The humanoid industry spent two years raising private money at a record pace. In the middle of July 2026 it started reaching for the public kind. Unitree Robotics won approval for a roughly $618 million IPO on Shanghai's STAR Market; Agility Robotics agreed to go public through a $2.5 billion SPAC merger; and LimX Dynamics closed nearly $200 million in pre-IPO financing on July 15. CNBC reported the same week that, among Chinese humanoid startups, "listing is a must." Three deals in three formats, one direction of travel.

Venture capital funds the question "does the robot work?" Public markets fund the question "does the business?" The sector just moved from the first to the second. — EW analysis

Why the exit door is opening now

The pull is manufacturing. Building humanoids at the volumes these companies now promise — thousands of units a month — is a capital-hungry, low-margin industrial slog, and it needs deeper, more liquid funding than even the largest private rounds provide. A listing supplies that, plus a currency (public stock) for acquisitions and for retaining engineers. It also gives the venture and strategic investors who wrote the early cheques a way out.

Geography shapes the format. In China, a receptive STAR Market and explicit state support make a domestic listing the natural next step, which is why Unitree's approval drew such attention and why LimX is labeling its round "pre-IPO." In the U.S., where a traditional IPO for a pre-profit hardware company is a harder sell, Agility chose a SPAC — faster to close, but a structure that has burned public investors before. Notably, Agility's leadership has paired the listing with candor rather than hype, declining to promise a robot in every home; that framing is itself a signal that going public forces a more disciplined story.

The new scoreboard

Listing changes what counts. Private valuations rest on narrative and the last investor's mark; public ones rest on filings. Once these companies trade, the market will price them on disclosed revenue, gross margin, order backlog and units actually deployed and paid for — the metrics demo reels are designed to skip. That discipline cuts both ways. It could reward the makers with real industrial traction and expose the ones whose valuations ran ahead of their shipments, and the first few quarters of humanoid earnings reports will do more to sort the field than any product launch.

Key Facts

  • Unitree Robotics: approved for a ~$618M IPO on Shanghai's STAR Market
  • Agility Robotics: going public via a $2.5B SPAC merger
  • LimX Dynamics: nearly $200M pre-IPO round closed July 15, 2026
  • CNBC (July 13): Chinese humanoid startups broadly rushing to list
  • Driver: capital for manufacturing scale-up plus a path to exit for early backers

Why it matters

An IPO wave is a maturity signal and a stress test at once. It says investors believe humanoids are a real industry worth public-market capital; it also means the sector is about to be graded in public, on numbers, every quarter. The companies that welcome that scrutiny are telling you something — and so are the ones that rush to list before their order books can survive it.

Frequently Asked

Which humanoid companies are going public?

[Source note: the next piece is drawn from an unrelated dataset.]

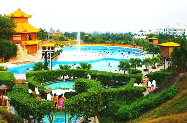 富都溫泉水富含納、鋰、偏硅酸等多種具有醫(yī)療價值的礦物元素,浴后皮膚爽滑,對肥胖癥、風(fēng)濕病、各類皮膚病均有良好療效。溫泉區(qū)設(shè)有大小溫泉池100多個,其中有:水療按摩池、花池、藥療池、礦物療養(yǎng)池、酒池、冰池、山水游泳池、熱炕床、音樂溫泉噴泉的士高、水上樂園 。
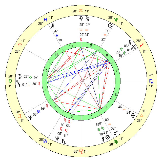 | Moon | 23 Taurus 59 | 27 Libra 15 | 18 Aries 12 |

Unitree (a ~$618M Shanghai STAR Market IPO), Agility Robotics (a $2.5B SPAC merger) and LimX Dynamics (a ~$200M pre-IPO round), all within weeks in mid-2026, with CNBC reporting a broader rush among Chinese startups.

Why list now?

To fund capital-intensive manufacturing scale-up with deeper, more liquid capital, and to give early investors an exit. China's STAR Market and state support make domestic listings viable.

What changes once they're public?

Pricing shifts from private narrative to disclosed revenue, margins, backlog and deployed units — proving the business, not just the robot.